The Spark tests are always run when the pull request is merged into the `main` branch.

### Running the Rust Debugger in RustRover

Since we use PyO3 to support Python binding in Rust, we need some additional setup to run the Rust debugger in
RustRover.
In **Run** > **Edit Configurations**, add a new **Cargo** configuration with the following settings:

1. Name: **Run Spark Connect server** (You can use any name you like.)
2. Command: `run -p sail-spark-connect --example server`
3. Environment Variables:
    - (required) `PYTHONPATH`: `.venvs/default/lib/python<version>/site-packages` (Please replace `<version>` with the
      actual Python version, e.g. `3.11`.)
    - (required) `PYO3_PYTHON`: `<project>/.venvs/default/bin/python` (Please replace `<project>` with the actual
      project
      path. **This must be an absolute path.**)
    - (required) `RUST_MIN_STACK`: `8388608`
    - (optional) `RUST_BACKTRACE`: `full`
    - (optional) `RUST_LOG`: `sail_spark_connect=debug`

When entering environment variables, you can click on the button on the right side of the input box to open the dialog
and add the environment variables one by one.

You can leave the other settings as default.

### Reducing Build Time

The PyO3 package will be rebuilt when the Python interpreter changes.
This will cause all downstream packages to be rebuilt, resulting in a long build time for development.
The issue gets more complicated when you use both command line tools and IDEs, which share the same Cargo build cache.
(For example, RustRover may run `cargo check` in the background.)

To reduce the build time, you need to make sure the Python interpreter used by PyO3 is configured in the same way
across environments. Please consider the following items.

1. Please always invoke Maturin via Hatch (e.g. `hatch run maturin develop` and `hatch run maturin build`). In this way,
   Maturin internally sets the `PYO3_PYTHON` environment variable to the absolute path of the Python interpreter of the
   project's default Hatch environment.
2. The `scripts/spark-tests/run-server.sh` script internally sets the `PYO3_PYTHON` environment variable to the
   same value as above.
3. The RustRover debugger configuration in the previous section sets the `PYO3_PYTHON` environment variable to the
   same value as above.
4. For RustRover, in "**Preferences**" > "**Rust**" > "**External Linters**", set the `PYO3_PYTHON` environment variable
   to the same value as above.
5. If you need to run Cargo commands such as `cargo build`, set the `PYO3_PYTHON` environment variable in the terminal
   session to the same value as above.
   ```bash
   # Run the following command in the project root directory.
   export PYO3_PYTHON="$(hatch env find)/bin/python"
   ```

Note that the `maturin` command and the `cargo` command enables different features for PyO3 (e.g. `extension-module`).
So if you alternate between the two build tools, the PyO3 library will still be rebuilt.

If you run `hatch build`, it uses Maturin as the build system, and the build happens in an isolated Python environment.
So the build does not interfere with the Cargo build cache in `target/`. However, it also means that a fresh build
is performed every time, which can be slow.

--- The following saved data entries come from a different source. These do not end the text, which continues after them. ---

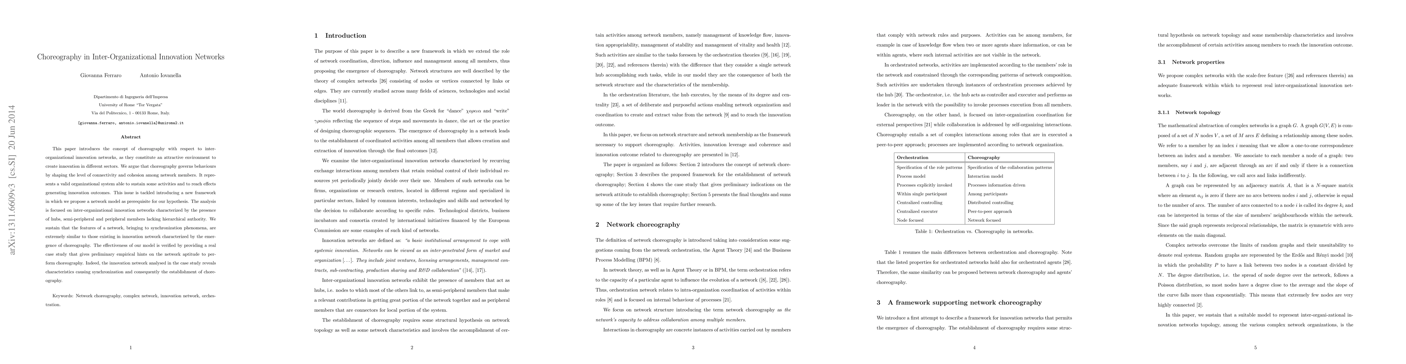 This paper introduces the concept of choreography with respect to inter-organizational innovation networks, as they constitute an attractive environment to create innovation in different sectors. We argue that choreography governs behaviours by shaping the level of connectivity and cohesion among network members. It represents a valid organizational system able to sustain some activities and to reach effects generating innovation outcomes. This issue is tackled introducing a new framework in which we propose a network model as prerequisite for our hypothesis. The analysis is focused on inter-organizational innovation networks characterized by the presence of hubs, semi-peripheral and peripheral members lacking hierarchical authority. We sustain that the features of a network, bringing to synchronization phenomena, are extremely similar to those existing in innovation network characterized by the emergence of choreography. The effectiveness of our model is verified by providing a real case study that gives preliminary empirical hints on the network aptitude to perform choreography. Indeed, the innovation network analysed in the case study reveals characteristics causing synchronization and consequently the establishment of choreography.
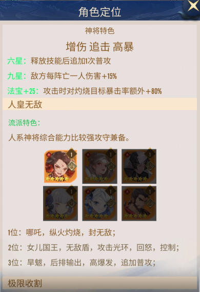- 哪吒(1位):纵火灼烧,为全队提供核心debuff,是体系启动器,负责给敌方挂上灼烧效果。
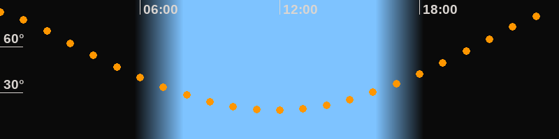 | Höchster Stand (Kulmination) | 23:47 Uhr (h = 82,5°) |
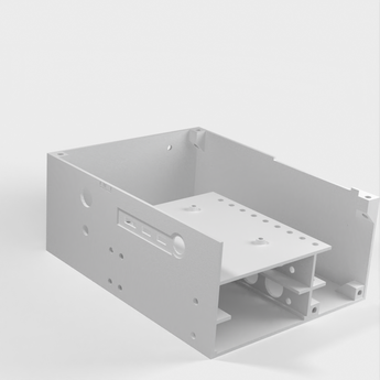 Desktop case for Raspberry Pi 4B with built-in space for a 5V 4A power supply and up to 2 SATA drives. There is also storage space for your own equipment.
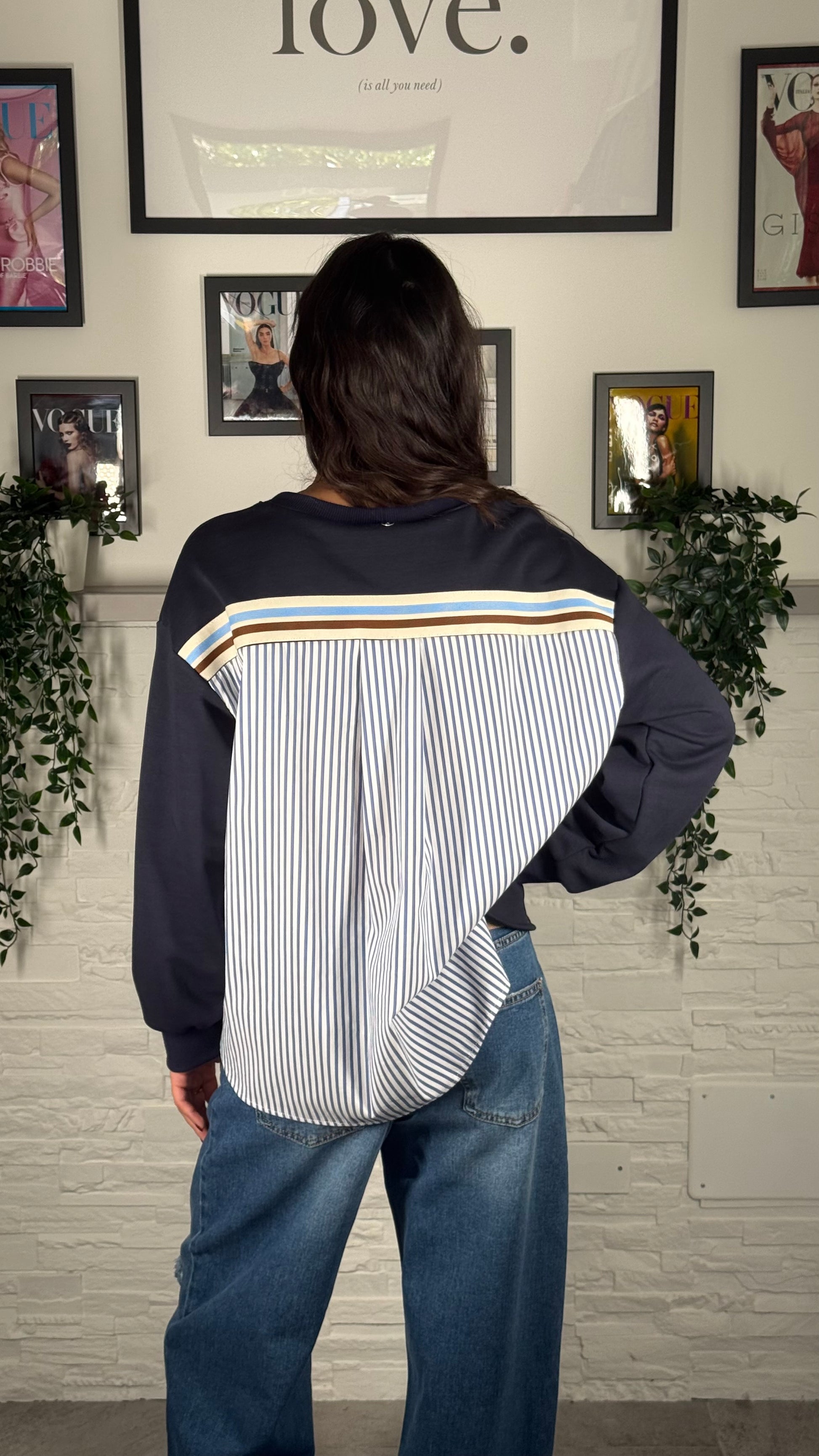 Felpa Over vestibilità fino alla L con retro di camicia

Therefore, it is not recommended to use `hatch build` for local development.

### Working with the Spark Patch

Occasionally, you may need to patch the Spark source code further.
Here are the commands that can be helpful for this purpose.

```bash
# Apply the patch.
# You can now modify the Spark source code.
git -C opt/spark apply ../../scripts/spark-tests/spark-3.5.1.patch

# Update the Spark patch file with your local modification.
git -C opt/spark add .
git -C opt/spark diff --staged -p > scripts/spark-tests/spark-3.5.1.patch

# Revert the patch.
git -C opt/spark reset
git -C opt/spark apply -R ../../scripts/spark-tests/spark-3.5.1.patch
```

However, note that we should keep the patch minimal.
It is possible to alter many Spark test behaviors at runtime via monkey-patching using pytest fixtures.